[Start of Attachment]
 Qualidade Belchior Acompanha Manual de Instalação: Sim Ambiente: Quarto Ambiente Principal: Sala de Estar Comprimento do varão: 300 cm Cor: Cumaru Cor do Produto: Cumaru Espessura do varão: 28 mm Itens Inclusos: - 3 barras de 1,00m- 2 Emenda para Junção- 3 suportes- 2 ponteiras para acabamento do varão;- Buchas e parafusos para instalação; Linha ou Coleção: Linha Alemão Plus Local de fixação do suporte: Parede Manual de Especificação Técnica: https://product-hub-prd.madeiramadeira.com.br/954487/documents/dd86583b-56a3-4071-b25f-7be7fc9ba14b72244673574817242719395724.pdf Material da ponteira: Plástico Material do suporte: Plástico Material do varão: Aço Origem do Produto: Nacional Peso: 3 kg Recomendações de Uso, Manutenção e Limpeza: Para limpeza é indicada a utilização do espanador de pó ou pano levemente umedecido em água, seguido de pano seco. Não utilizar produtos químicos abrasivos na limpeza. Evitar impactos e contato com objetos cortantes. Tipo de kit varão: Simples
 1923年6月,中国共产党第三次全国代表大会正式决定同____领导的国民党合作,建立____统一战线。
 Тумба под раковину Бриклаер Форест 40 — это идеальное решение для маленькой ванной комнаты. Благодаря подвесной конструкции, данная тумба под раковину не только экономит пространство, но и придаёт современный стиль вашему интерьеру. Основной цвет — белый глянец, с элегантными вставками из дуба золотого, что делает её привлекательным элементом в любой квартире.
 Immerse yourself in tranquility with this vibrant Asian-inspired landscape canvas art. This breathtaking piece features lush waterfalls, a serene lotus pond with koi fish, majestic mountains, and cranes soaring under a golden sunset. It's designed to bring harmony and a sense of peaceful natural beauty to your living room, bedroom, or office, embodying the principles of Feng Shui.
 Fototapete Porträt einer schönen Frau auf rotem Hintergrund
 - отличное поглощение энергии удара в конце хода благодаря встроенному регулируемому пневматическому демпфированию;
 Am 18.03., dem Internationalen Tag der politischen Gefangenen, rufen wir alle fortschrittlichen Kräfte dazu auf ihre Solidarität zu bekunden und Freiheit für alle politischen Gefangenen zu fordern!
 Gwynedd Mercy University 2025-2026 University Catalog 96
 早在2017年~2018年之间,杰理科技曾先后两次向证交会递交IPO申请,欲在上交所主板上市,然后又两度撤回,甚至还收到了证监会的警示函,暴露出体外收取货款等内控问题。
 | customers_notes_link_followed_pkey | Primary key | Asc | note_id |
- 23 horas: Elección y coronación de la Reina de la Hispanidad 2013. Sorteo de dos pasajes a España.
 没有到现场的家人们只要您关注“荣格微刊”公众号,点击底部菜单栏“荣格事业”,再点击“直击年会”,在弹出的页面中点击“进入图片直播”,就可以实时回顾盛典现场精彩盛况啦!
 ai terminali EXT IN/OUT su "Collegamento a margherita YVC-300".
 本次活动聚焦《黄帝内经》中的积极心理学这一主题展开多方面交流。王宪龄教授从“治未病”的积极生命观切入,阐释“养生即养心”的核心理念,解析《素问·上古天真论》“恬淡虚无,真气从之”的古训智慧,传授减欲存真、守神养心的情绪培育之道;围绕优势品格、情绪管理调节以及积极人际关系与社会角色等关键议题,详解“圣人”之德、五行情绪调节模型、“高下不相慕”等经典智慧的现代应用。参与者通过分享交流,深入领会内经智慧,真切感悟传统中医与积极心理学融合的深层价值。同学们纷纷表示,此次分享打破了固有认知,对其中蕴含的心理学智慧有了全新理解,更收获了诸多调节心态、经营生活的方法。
[End of Attachment]
All of the material above should be printed again exactly as it is.

 Qualidade Belchior Acompanha Manual de Instalação: Sim Ambiente: Quarto Ambiente Principal: Sala de Estar Comprimento do varão: 300 cm Cor: Cumaru Cor do Produto: Cumaru Espessura do varão: 28 mm Itens Inclusos: - 3 barras de 1,00m- 2 Emenda para Junção- 3 suportes- 2 ponteiras para acabamento do varão;- Buchas e parafusos para instalação; Linha ou Coleção: Linha Alemão Plus Local de fixação do suporte: Parede Manual de Especificação Técnica: https://product-hub-prd.madeiramadeira.com.br/954487/documents/dd86583b-56a3-4071-b25f-7be7fc9ba14b72244673574817242719395724.pdf Material da ponteira: Plástico Material do suporte: Plástico Material do varão: Aço Origem do Produto: Nacional Peso: 3 kg Recomendações de Uso, Manutenção e Limpeza: Para limpeza é indicada a utilização do espanador de pó ou pano levemente umedecido em água, seguido de pano seco. Não utilizar produtos químicos abrasivos na limpeza. Evitar impactos e contato com objetos cortantes. Tipo de kit varão: Simples
 1923年6月,中国共产党第三次全国代表大会正式决定同____领导的国民党合作,建立____统一战线。
 Тумба под раковину Бриклаер Форест 40 — это идеальное решение для маленькой ванной комнаты. Благодаря подвесной конструкции, данная тумба под раковину не только экономит пространство, но и придаёт современный стиль вашему интерьеру. Основной цвет — белый глянец, с элегантными вставками из дуба золотого, что делает её привлекательным элементом в любой квартире.
 Immerse yourself in tranquility with this vibrant Asian-inspired landscape canvas art. This breathtaking piece features lush waterfalls, a serene lotus pond with koi fish, majestic mountains, and cranes soaring under a golden sunset. It's designed to bring harmony and a sense of peaceful natural beauty to your living room, bedroom, or office, embodying the principles of Feng Shui.
 Fototapete Porträt einer schönen Frau auf rotem Hintergrund
 - отличное поглощение энергии удара в конце хода благодаря встроенному регулируемому пневматическому демпфированию;
 Am 18.03., dem Internationalen Tag der politischen Gefangenen, rufen wir alle fortschrittlichen Kräfte dazu auf ihre Solidarität zu bekunden und Freiheit für alle politischen Gefangenen zu fordern!
 Gwynedd Mercy University 2025-2026 University Catalog 96
 早在2017年~2018年之间,杰理科技曾先后两次向证交会递交IPO申请,欲在上交所主板上市,然后又两度撤回,甚至还收到了证监会的警示函,暴露出体外收取货款等内控问题。
 | customers_notes_link_followed_pkey | Primary key | Asc | note_id |
- 23 horas: Elección y coronación de la Reina de la Hispanidad 2013. Sorteo de dos pasajes a España.
 没有到现场的家人们只要您关注“荣格微刊”公众号,点击底部菜单栏“荣格事业”,再点击“直击年会”,在弹出的页面中点击“进入图片直播”,就可以实时回顾盛典现场精彩盛况啦!
 ai terminali EXT IN/OUT su "Collegamento a margherita YVC-300".
 本次活动聚焦《黄帝内经》中的积极心理学这一主题展开多方面交流。王宪龄教授从“治未病”的积极生命观切入,阐释“养生即养心”的核心理念,解析《素问·上古天真论》“恬淡虚无,真气从之”的古训智慧,传授减欲存真、守神养心的情绪培育之道;围绕优势品格、情绪管理调节以及积极人际关系与社会角色等关键议题,详解“圣人”之德、五行情绪调节模型、“高下不相慕”等经典智慧的现代应用。参与者通过分享交流,深入领会内经智慧,真切感悟传统中医与积极心理学融合的深层价值。同学们纷纷表示,此次分享打破了固有认知,对其中蕴含的心理学智慧有了全新理解,更收获了诸多调节心态、经营生活的方法。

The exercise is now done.